Is COVID-19 Still a Risk? For Kidney Patients, the Answer is Yes.


As the world is coming back to a place of normality, kidney patients are still wondering about the impact of COVID-19 on their health. Do they still need to avoid others to avoid the virus, or is it time to go back to normal? These are heavy questions, and they are important ones to answer as kidney patients try to protect their health in this unique time. Is COVID still a risk for kidney patients? Yes, but there are tools and strategies you can use to navigate that risk well.


Antibody Levels May Help You
The CDC currently does not recommend routine testing of COVID-19 antibodies. The data does not seem to indicate that antibodies mean you won’t catch the virus again. However, for kidney patients, they may be a clue. People with high antibody levels appear to get milder symptoms if they catch COVID again, so antibody testing could give you some peace of mind as you move forward in this new era.


Don’t Ignore Boosters
Boosters are an important part of protecting your health as a kidney patient. Make sure you talk to your kidney doctor to learn what boosters are recommended to protect your health. These boosters help prepare your body for the newest strains, so your body stays aware and is prepared to fight COVID if you are exposed. People with immune system deficits are recommended to get two boosters after they finish the initial shot regimen.


Should I Panic if I Catch COVID?
No, you should not panic if you catch COVID. In fact, the latest strains of COVID are so prevalent, it is nearly impossible to go through daily life without catching it. However, you do need to take the right precautions to ensure that you do not get severely sick. Using the vaccines will help. Yes, you will feel unwell, but you are less likely to get severely ill if you are vaccinated, even as a kidney patient.


That said, if you do get COVID, contact your primary doctor or your kidney care team right away. This will ensure you get the right medical care at the start of the illness, so it does not become severe. If you are on dialysis, make sure you notify the unit to ensure you can continue with your life-saving treatment without spreading COVID to other at-risk patients or the staff caring for them.


Finally, take time to rest so you can heal. Do not push yourself through COVID, as that may increase your risk of complications. Stay hydrated, and try to eat healthy food if your appetite allows. Move your body as much as you can, and keep in contact with your medical team. These will all help you get through it with fewer complications.
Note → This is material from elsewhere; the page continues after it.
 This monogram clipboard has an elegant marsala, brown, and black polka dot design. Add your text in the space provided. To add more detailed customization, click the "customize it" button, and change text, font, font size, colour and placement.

Take Reasonable Precautions
We are past the point when kidney patients need to completely isolate themselves, but you should take reasonable precautions. If someone in your home or that you spend a lot of time with tests positive, then distance as much as possible. Stay in different rooms of the home, or spend time socializing outdoors, where the risk of transmission is much lower, instead of spending time inside. Continue living your life, but be careful when you need to. However, don’t panic. If you catch COVID, you most likely will get through it, and you have a medical team ready to help.


What’s the Bottom Line?
The bottom line about COVID in 2022 for kidney patients is this: you are still at higher risk for complications from the virus, but this risk is similar to the risk of all other viral infections, including things like the flu. You need to take measures to protect yourself, yes, and stay updated on your vaccinations, but you do not need to live in fear. When you do catch COVID, keep your medical team aware of the situation, take care of yourself while you recover, and most likely you will weather the virus with few complications. No one can predict how any particular patient will respond to COVID, but the current treatments provide greater hope than at the start of the pandemic. Enjoy your life and family with less fear even as you navigate the world of COVID with the challenges of kidney disease.